Но дома сон ушел. Работы не было, поэтому не было никаких занятий.
Катя лежала без сна на своих циновках, разглядывая стену напротив. С ее, Катиным, профилем от пола до потолка. В период увлечения графикой она рисовала и рисовала, мелом, углем, грифелем – всем, что попадало под руку. Руки никогда не отмывались до конца. И огромные стены этой полупустой барской квартиры тоже были изрисованы густо и затейливо – одним только ее стилем, единственным – без единого прямого угла. Идеальный ее прямой профиль плавно растворялся в цветочных полянах, на которых вырастала совершенно живая лошадь без задних ног. Ноги просто не поместились и были жестко отрезаны окном.
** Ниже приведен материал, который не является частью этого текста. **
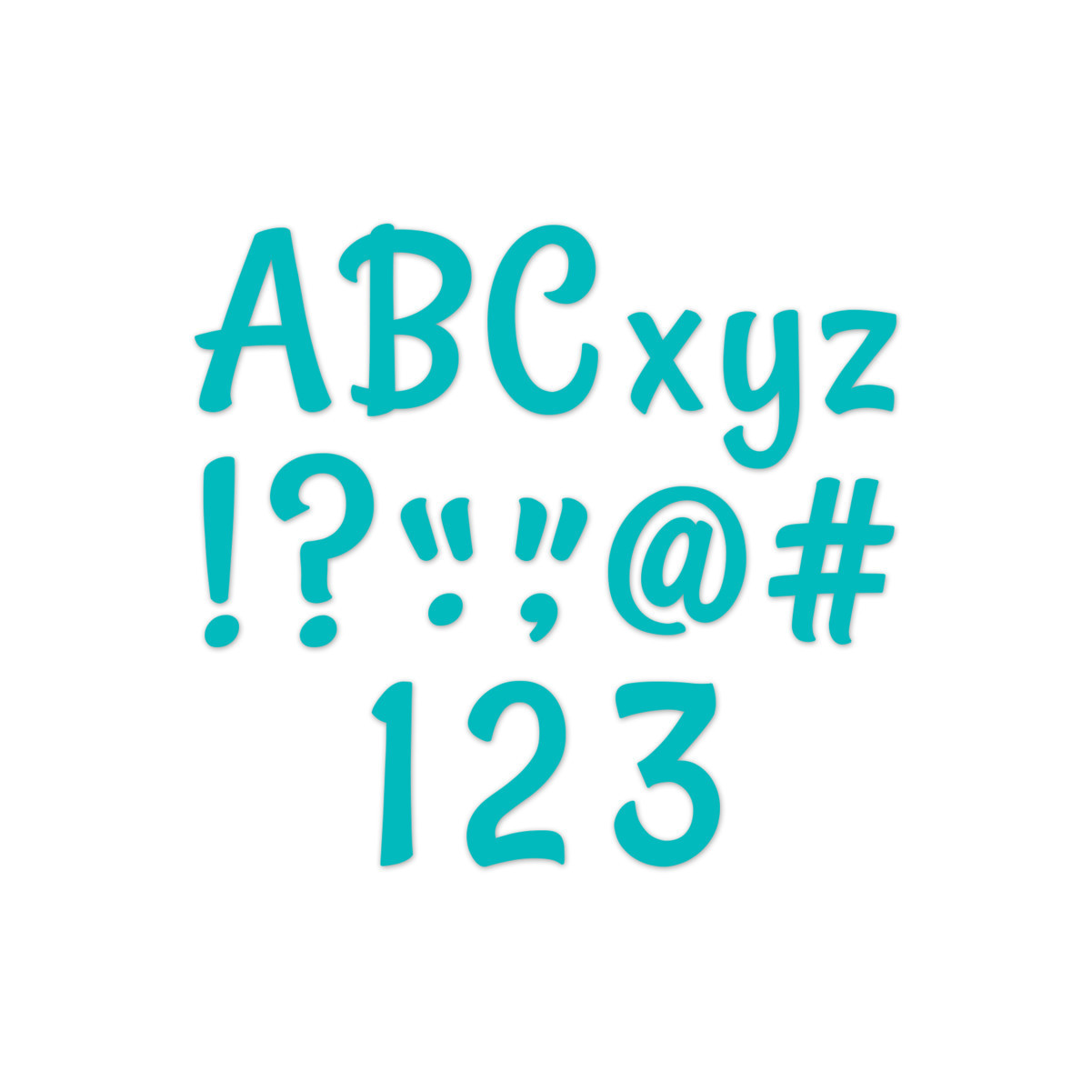A fun, fresh twist on solid black letters! These Stylish Turquoise 4" Designer Letters feature a playful, hand-lettered feel. This package contains 235 pieces, including upper- and lowercase letters, punctuation marks, and symbols. The casual design of these punch-out letters makes them versatile for use on any bulletin board or display in a school, office, college dorm, senior living residence, church, or daycare center.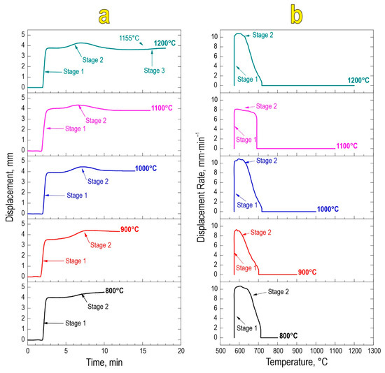 Based on the temporal and thermal evolution of SPS consolidation (Figure 2a,b), it was found that sintering proceeds in two stages regardless of the final sintering temperature. The first stage encompasses mechanical densification of powder particles and their partial deformation, rearrangement, and packing under constantly applied pressure. The second densification stage at 580–650 °C is a result of chemical interaction yielding the SrMoO4 phase and thermal consolidation of particles forming a dense compact. This stage manifests in the active atomic diffusion along the interparticle contacts, viscous flow, and particle plastic deformation, leading to overall material compaction. The sample sintered at 1200 °C observed a third densification stage, likely caused by the sublimation of molybdenum oxide at 1155 °C in accordance with references [41].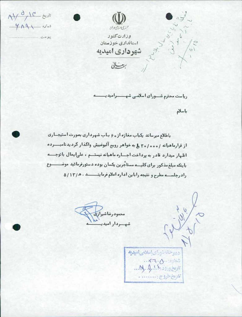 مصوبه شماره ۱۷ جلسه شماره ۲۸۵ شورای اسلامی شهر امیدیه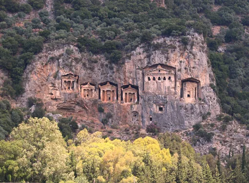 Только не смотрите всю дорогу на воду, поднимите глаза — и перед вами откроются выдолбленные в скалах гробницы ликийской знати. По своей красоте и таинственности они напоминают древний город Петра в Иордании.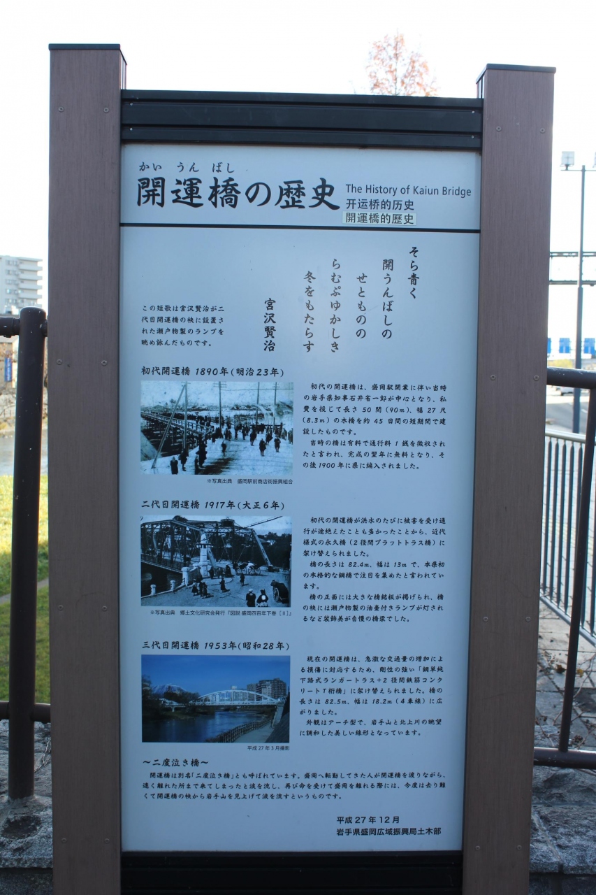 橋の袂にある案内板によると、初代の開運橋は1890年に当時の岩手県知事が中心となって私費で建設され、現在の開運橋は3代目で1953年に完成した4車線の立派な橋です。

Уютно заурчал виброзвонок сотового телефона.
Чертыхнувшись, Катя бросилась искать его по сумкам и карманам, но по звуку нашла на кухне. Увидела номер, улыбнулась. Села на подоконник – пол был холодный, пришлось поджать ноги.
– Как вкусно ты затягиваешься…
– Я с обеда не курила. Некогда было.
– Запара?
– Просто жизнь, Антон.
– Ты сейчас сидишь на окне?
– Угуу…
– Не свалишься?
– Если свалюсь, ты поймешь по звукам.
– Я хочу к тебе завтра приехать.
– Ты всегда хочешь ко мне приехать.
– Неправда, иногда я хочу приехать не к тебе.
– Вот и завтра поменяй свои желания и приезжай не ко мне.
И придавила телефон ногой.
Сон ее все-таки сморил, да так, что к обеду едва успела на работу.
Проходя мимо машины, не удержалась, погладила. Специально купила квартиру в доме над ателье, чтобы не тратить время на дорогу, а по машине соскучилась.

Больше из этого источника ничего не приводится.